Sur la question des normes, nous demandons à être associés beaucoup plus en amont des projets de nouvelles normes. Nos points de vue de professionnels doivent être beaucoup mieux pris en compte et les projets de nouvelles normes doivent être évalués au regard de leur impact sur l’économie et le fonctionnement de nos entreprises. Le premier ministre vient de mettre en place à cet effet un comité présidé par un préfet. Attendons de voir comment ce comité va traiter ces questions, mais là encore notre mobilisation produit quelques effets.

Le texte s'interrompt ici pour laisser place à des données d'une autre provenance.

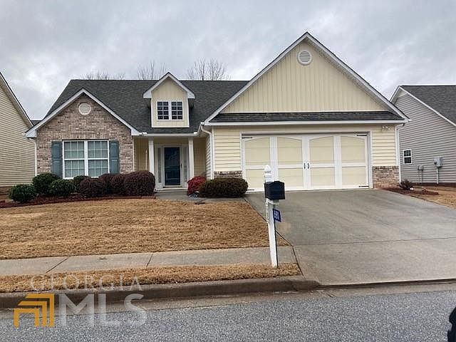 Highly sought after 55+ community in Winder featuring 2 clubhouses, 2 swimming pools, tennis/pickleball courts and playground. This 2- bedroom/2-bath ranch home features a 2-car front entry garage, hardwood floors in the foyer and living room, separate breakfast room, dining room, and a covered patio. Both bedrooms have large walk-in closets. Home is conveniently located near the newly opened Publix shopping center.

Reste la question des prix, la plus importante, la plus difficile. Celle sur laquelle il y a peut-être le moins d’avancées. Car un prix ça se construit, ça se construit avec les acheteurs de la grande distribution, ça se construit avec les intermédiaires, industriels, abatteurs, mais aussi avec nos coopératives. Cela se construit aussi avec l’Union Européenne, pour se diriger vers la levée de l’embargo Russe, pour obtenir l’étiquetage obligatoire de l’origine des produits transformés, pour réintroduire de vrais mécanismes de gestion de crise, pour lutter contre les pratiques commerciales déloyales. La FNSEA et ses sections spécialisées sont pleinement mobilisées sur ces chantiers. Mais le prix se construit aussi dans notre département, en agissant sur la demande de produits français. La FDSEA est engagée dans ce domaine. Nous allons demain nous adresser en direct au consommateur et «rénover» notre relation avec les GMS. Mais la FDSEA s’engage aussi en travaillant à la systématisation de nos produits dans la restauration collective publique. Sur ce point, je veux être résolument optimiste à l’égard de la démarche engagée avec les services de l’Etat, le Conseil Départemental, les collectivités locales et établissements publics. Jamais à ce jour autant d’acteurs concernés ne se sont mobilisés et ont travaillé de concert dans cette direction. C’est le résultat direct de notre mobilisation de l’été, tirons-en quelques satisfactions, pour commencer. Car il y a encore beaucoup de travail pour obtenir de vrais résultats, et pas des résultats pour quelques-uns mais pour le plus grand nombre.